Michael Oren (author of a great book on the 1967 Six Day War, and a more recent one on America in the Middle East throughout its history) has an excellent piece in today’s New York Times about the ongoing peace efforts in Annapolis.
Oren correctly argues that peace is not made by bureaucrats (Israel’s Olmert, the Palestinian’s Abu Mazen), elevated to positions of leadership not by their own inner strength and resolve but by the sheer historical weight of their mentors (Sharon and Arafat, respectively). There is little hope that Olmert and Abu Mazen can bring peace, safety, and security to their people before each reigns in the more radical elements of his people (the ultra Orthodox settlers for Israel and the terrorist Hamas for the Palestinians).
That said, the Israeli population is in many ways closer to peace than they’ve ever been. Olmert’s Kadima party was elected with the stated intention to continue removing Israeli settlements from within the 1948 British mandate, a policy advocated by no prior Israeli government. A majority of Israelis are legitimately ready for the kinds of serious concessions (leaving Gaza and most of the West Bank forever, significant settlement withdrawals, land swaps, reparations, shared sovereignty over Jerusalem, dismantling the security fence).
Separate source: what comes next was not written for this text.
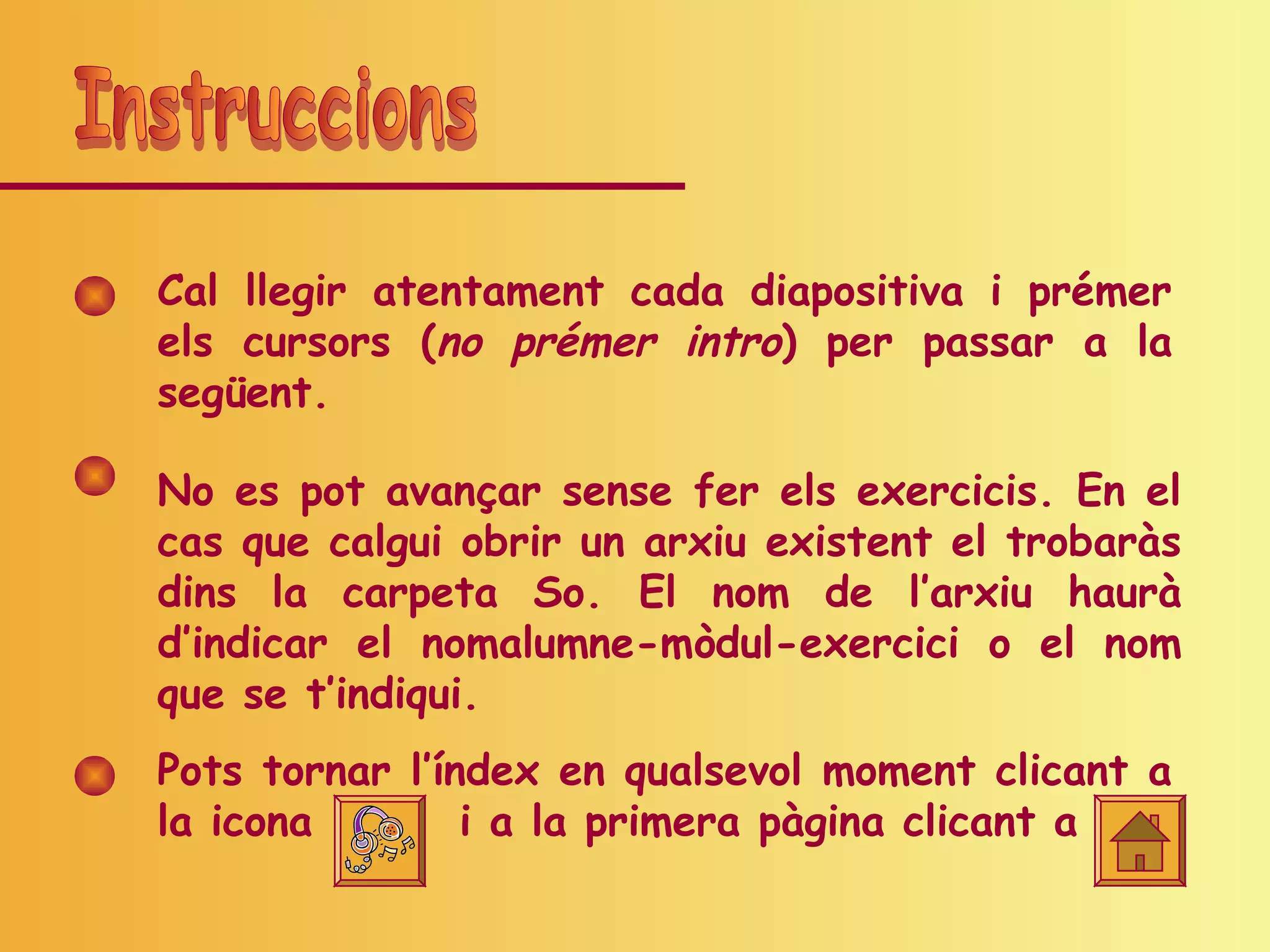 Cal llegir atentamentcada diapositiva i prémer

The Palestinians are a sadder story. They rejected Abu Mazen’s Fatah party in favor of Hamas, whose stance on peace and reconciliation brings them back to before 1993 when Arafat’s Palestinian Liberation Organization did not recognize Israel’s existence. It’s ironic that in once sense Abu Mazen has more legitimacy then any prior Palestinians leader to actually make peace with Israel, since he seems to legitimately advocate for it. On the other hand, he cannot even claim to represent a majority of his people, let alone control the more radical elements of his society that want to murder ever Jew between the Jordan River and the Mediterranean Sea.
The best hope that will come out of Annapolis is what the Palestinian people will do when the next election arrives. They have now seen the effects of electing a recognized terrorist group to its leadership, and seen yet another opportunity for an end to the conflict squandered. They have also seen the next generation of real Palestinian leaders (Abu Mazen, perennial negotiator Saeb Erakat) who have begun to dismantle Arafat’s kleptocracy of lies and doublespeak.
For once, it appears the Palestinians are moving closer to a real “partner” for peace that Israel found in Egypt’s Anwar Sadat and Jordan’s King Hussein. Hopefully, they will get there before it is too late to begin implementing a workable solution.